第三十四章

聂初晓简直乐意至极,她的选择困难症是治不好了,让她挑估计要挑到何年何月。

她换好衣服出来时,房间里又多了一位来客,岑豪。

岑豪看着聂初晓身上的衣服,说不出来是好还是不好,贴身的料子衬得她身材曲线毕露,她肤色本来就白,像是岑家人共有的好的优点,只是,岑豪在看了看岑言,恍然大悟,“阿晓,干嘛穿这件,你又一点胸都没有。”

聂初晓胸前布料还有些多,她此刻低下头一看,确实如此,可惜了一件好衣服,聂初晓不满的说着,“小姑,他在暗示你的审美品味不好。”

岑豪又看了看波涛称得上汹涌的岑言,对着聂初晓指责道,“你又不是已婚妇女,当然没有。”

“哦,那你这是说,沈敏非常有料咯。”岑言毫不客气的落井下石道。

聂初晓直接笑出来,“哈哈,我是结婚未遂,所以正在向小姑那个阶段靠近,不过现在要达到向某人的妻子那样,保守估计还得一大段距离。
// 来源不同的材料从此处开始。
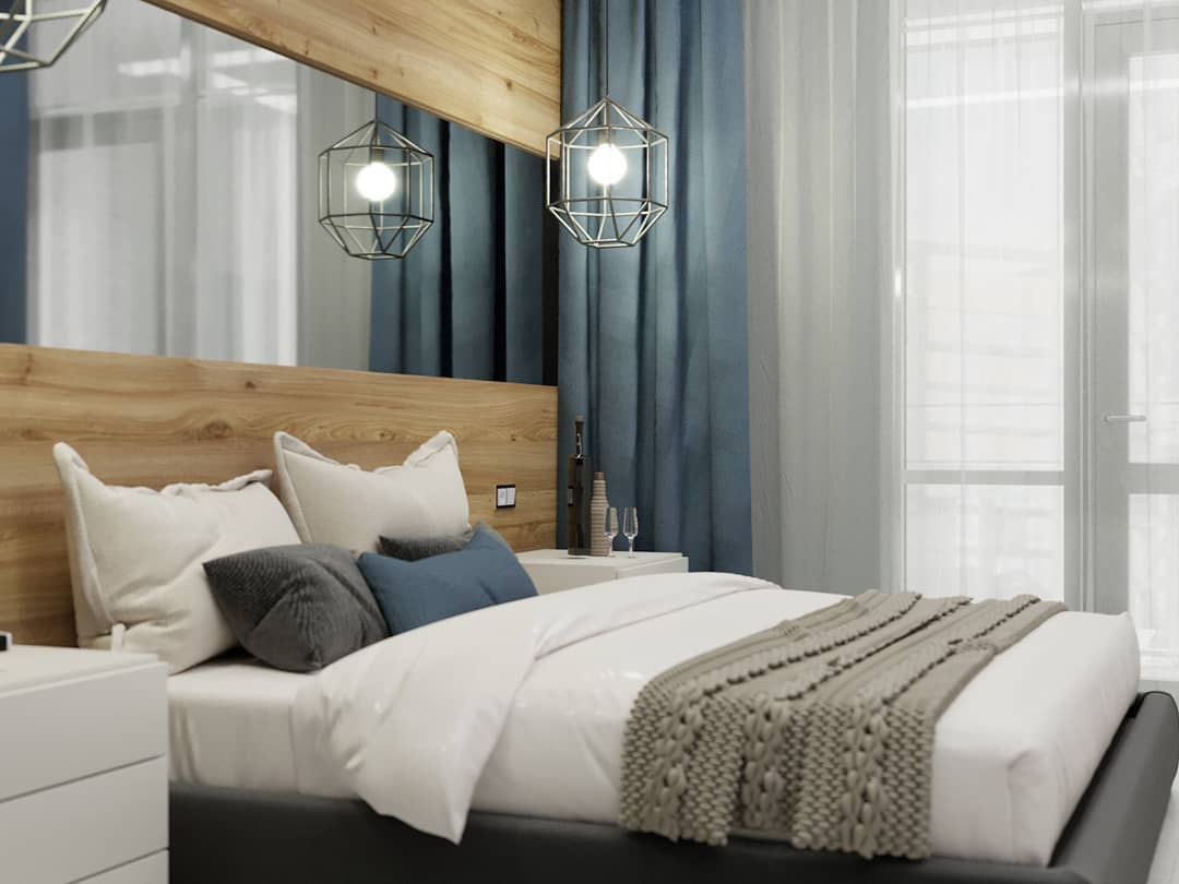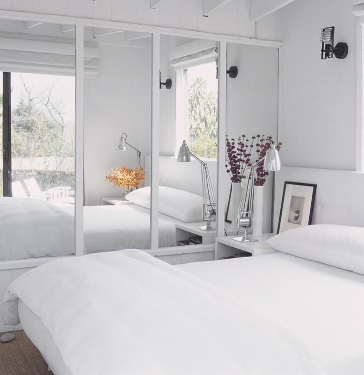installation de miroirs derrière le lit;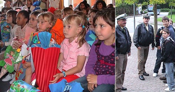Für alle Erstklässler begann der erste Schultag mit einem Gottesdienst und einer Einschulungsfeier in der Aula der Steige-Grundschule beziehungsweise in der Mehrzweckhalle der Dr.-Weiß-Schule. Seit heute sind die Schülerinnen und Schüler, teilweise mit gelben Mützen, auf den Schulwegen unterwegs. Weil sie sich noch nicht so sicher im Straßenverkehr bewegen wie Erwachsene, sollten andere Verkehrsteilnehmer in den nächsten Wochen besondere Rücksicht nehmen. Die Eberbacher Polizeibeamten begleiteten die Einschulungstage und den allgemeinen Schulbeginn wieder mit besonderem Augenmerk auf die Verkehrssicherheit um die Schulen.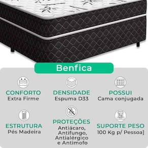 A Cama Conjugada Benfica é a escolha perfeita para quem busca qualidade, conforto e praticidade. Com o colchão acoplado à base, ela oferece uma solução completa para o seu dormitório, eliminando a necessidade de peças separadas e otimizando o espaço com estilo e funcionalidade.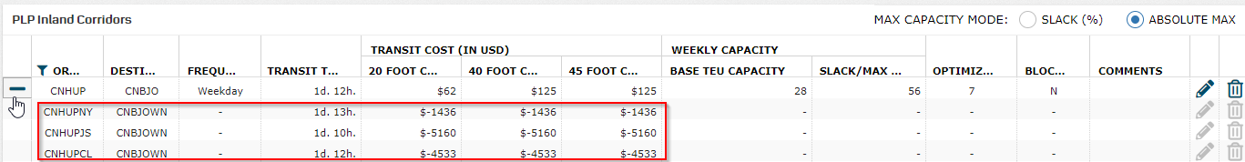 | 3 | Setting Corridor Flexibility View | The capacity flexibility on each of the corridors is specified in the column "Slack / Max TEU Capacity". The flexibility on a corridor means that the PLP optimiser can suggest flows that exceeds the indicated capacity of the corridor, but not greater than the allowed flexibility. However, exceeds the indicated capacity of the corridor will introduce a penalty in the model, to balance the behavior and only exceed when other options are exhausted. The flexibility can be viewed in the grid from two perspectives, using the radio buttons in the top of the grid.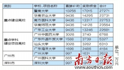 同時,7411萬元將投入市屬學校。廣州大學、廣州醫(yī)科大學、深圳大學各獲1821萬到2962萬元不等的資金支持。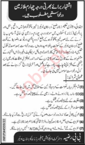 Candidates with Matric, Primary and Middle etc. educational background will be preferred.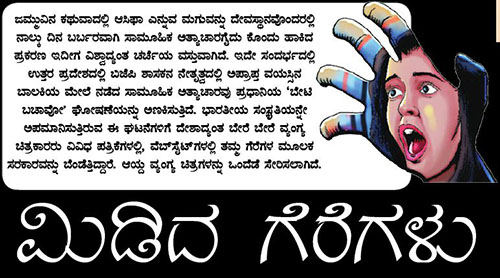 ಜಮ್ಮುವಿನ ಕಥುವಾದಲ್ಲಿ ಆಸಿಫಾ ಎನ್ನುವ ಮಗುವನ್ನು ದೇವಸ್ಥಾನವೊಂದರಲ್ಲಿ ನಾಲ್ಕು ದಿನ ಬರ್ಬರವಾಗಿ ಸಾಮೂಹಿಕ ಅತ್ಯಾಚಾರಗೈದು ಕೊಂದು ಹಾಕಿದ ಪ್ರಕರಣ ಇದೀಗ ವಿಶ್ವಾದ್ಯಂತ ಚರ್ಚೆಯ ವಸ್ತುವಾಗಿದೆ. ಇದೇ ಸಂದರ್ಭದಲ್ಲಿ ಉತ್ತರ ಪ್ರದೇಶದಲ್ಲಿ ಬಿಜೆಪಿ ಶಾಸಕನ ನೇತೃತ್ವದಲ್ಲಿ ಅಪ್ರಾಪ್ತ ವಯಸ್ಸಿನ ಬಾಲಕಿಯ ಮೇಲೆ ನಡೆದ ಸಾಮೂಹಿಕ ಅತ್ಯಾಚಾರವು ಪ್ರಧಾನಿಯ ‘ಬೇಟಿ ಬಚಾವೋ’ ಘೋಷಣೆಯನ್ನು ಅಣಕಿಸುತ್ತಿದೆ. ಭಾರತೀಯ ಸಂಸ್ಕೃತಿಯನ್ನೇ ಅಪಮಾನಿಸುತ್ತಿರುವ ಈ ಘಟನೆಗಳಿಗೆ ದೇಶಾದ್ಯಂತ ಬೇರೆ ಬೇರೆ ವ್ಯಂಗ್ಯ ಚಿತ್ರಕಾರರು ವಿವಿಧ ಪತ್ರಿಕೆಗಳಲ್ಲಿ, ವೆಬ್ಸೈಟ್ಗಳಲ್ಲಿ ತಮ್ಮ ಗೆರೆಗಳ ಮೂಲಕ ಸರಕಾರವನ್ನು ಬೆಂಡೆತ್ತಿದ್ದಾರೆ. ಆಯ್ದ ವ್ಯಂಗ್ಯ ಚಿತ್ರಗಳನ್ನು ಒಂದೆಡೆ ಸೇರಿಸಲಾಗಿದೆ.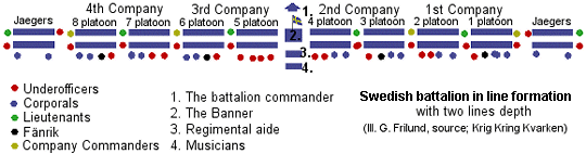 As a rule a Swedish battalion consisted of four companies (divided into eight platoons) and in battle these were deployed in line formation with two ranks depth, but during the marching, the army moved in column formation. If the number of the battalion was reduced to below 80 men, it was a rule to form three companies and six platoons instead of the original. In line, the front could be up to 170 metres long.

”

岑豪和岑言都望着她,表示无语。

岑豪拿起床上一件花色极为繁复的裸色裙子给她,“试试这个。”

聂初晓接过,朝着他试探的说,“抢了你儿子的风头可别怪我。”

“那是当然,虽说今天来了不少公子哥,但谁能帅过我儿子。”岑豪显得极其自豪。聂初晓看着他洋洋得意的样子,不好打击他,又去换了裙子。

效果果然不错,聂初晓看着镜中的自己,身影纤细窈窕,高贵也得体,连岑言也不由得赞叹岑豪眼光不错。

岑言给聂初晓上了妆,五号色的口红衬着精致的妆容极为抢眼,聂初晓看了看岑言,岑言没什么表情,“小姑,沈敏会恨死我的。”

“哦?你是没睡醒吧,睡醒了怎么也会知道叫声嫂子。”岑言回她。

岑豪不知道什么时候走出去了,聂初晓心惊胆战,否则还真不知道怎么面对他。

“给我打起精神来,怎么看着像终欲过度似的。”岑言看了看整个效果,感觉还不错,聂初晓本来就生的美,平日里像是藏着掖着似的,都不怎么打扮,如今一拾掇,看起来都顺心太多。“钓不到男人,你今晚就别想睡了。”

“啊?”聂初晓眼神惊恐,极为逼真。

岑言笑了笑,补了补妆,不理会她。

两人看着时间快到正午,想着去看看岑寓佳小朋友,聂初晓在二楼独自俯瞰了一会儿,正好看见罗止,身旁挽着一个女子,那女子身穿华伦天奴的粉色小短裙,戴着dior的首饰,看上去却清新靓丽,非常活泼单纯的性子。聂初晓从没见过罗止身旁出现过什么女人,而他脸上明显挂着不怎么开心的笑容,聂初晓静静地看着他们,真是人生苍茫,事事都像是历经沧海桑田。

方落沉不知是什么时候出现在楼梯口,聂初晓正准备下楼的步伐停了停,然后又恢复如常。两人在楼梯上相遇,聂初晓看着缝隙太小的楼梯,实在是觉得狭窄。方落沉往后让了让,保持着绅士风度,聂初晓和他插肩而过,两人难得的一致保持沉默,也并未做什么寒暄。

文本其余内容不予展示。